Fischer's Hell (5,1%) Fischer’s Stiftungsbräu seit 1691 aus
Erding in Bayern:
Das sieht ja edel aus. Dezent. Gekonnt gestaltet. Zurückhaltend
erhaben. Graphisch sehr ansprechend. - - Erding!? Da war doch was …
Der Schaum könnte nicht besser gestaltet sein. Ich bereue es fast,
dieses Bier nicht sanfter eingeschenkt zu haben. Das ist richtig stramm.
Treberartiger Geruch. Viel Malz. Natürlich aber etwas schwer. Die
Farbe ist hell- bis mittelgelb und klar.
Der Antrank ist intensiv. Das ist viel Malz im Spiel Aber auch eine
Schwere, die auf das Aroma drückt. Blickt man auf das Etikett,
so sieht man, dass dieses Bier bis Oktober 2006 haltbar war. Nun haben
wir den 30.11. Was nicht weiter schlimm sein sollte. Aber hier spürt
man die Unfrische ein wenig. Das Bier ist nicht mehr dynamisch und agil
genug. Trotz der Vollmundigkeit und Tiefe, die es ausstrahlt und verkörpert,
kommt nur gedämpfte Stimmung auf. Außerdem schwimmt in diesem
Bier etwas, das sich nicht rausfischen lässt, immer wieder entschlüpft,
und aussieht wie eine Minnigarnele. Möglich, das ich das reingeschubst
hab. Möglich, dass es eingebraut wurde. Sieht auf jeden seltsam
aus, wie das Ding mittig festhängt und die Kohlensäure daran
nach oben strömt. Aber ich krieg’s schon noch. Gut. Zurück
zum Geschmack. Wie erwähnt, sehr malzig. Es fehlt aber die nötige
Frische und Spannkraft. (Die Garnele hält sich übrigens genau
in der Mitte des Bieres, im Zentrum des Glases. Bewegt sich keinen Millimeter.

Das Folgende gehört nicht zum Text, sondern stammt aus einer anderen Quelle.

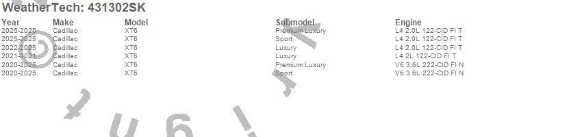 Below is an abbreviated list of applications for the Cargo Liner w/Bumper Protector.XT6, Cadillac, 2025, 2024, 2023, 2022, 2021, 2020

Unglaublich. Wenn man trinkt und dabei das Glas anwinkelt, gleicht sie
das akkurat aus. Wie ferngesteuert. Man nimmt instinktiv nur kleine
Schlucke.) Der Hopfen kommt auch zur Geltung. Wirkt holzig und etwas
ungelenk, hat aber einen guten Einfluss auf den Geschmack, kontert die
Süße etwas. Aber in der Summe wirkt dieses Helle doch nicht
aktiv genug und das Aroma eingeengt. Obschon dieses Bier eine gewisse
Klasse andeutet, kann dieselbige sie nicht wirklich beweisen. Dieses
Bier müsste man nochmals trinken. Frisch. Vom Fass. Und die Garnele
ist jetzt doch nach unten gesunken und liegt am Boden. Das beruhigt
mich, denn nun kann ich meine durchschnittliche Einsaugmenge etwas nach
oben trimmen. Aber ein gutes Gefühl hat man dabei nicht.
Fazit: Minigarnele
Wertung: + + + - [t 11/06]
Gebraut nach dem Reinheitsgebot von 1516: JA
Inhaltsstoffe: Wasser, Gerstenmalz, Hopfen
PS: Vielen Dank an Eckardt K. aus Freising für
die Beschaffung und Zusendung dieses Bieres.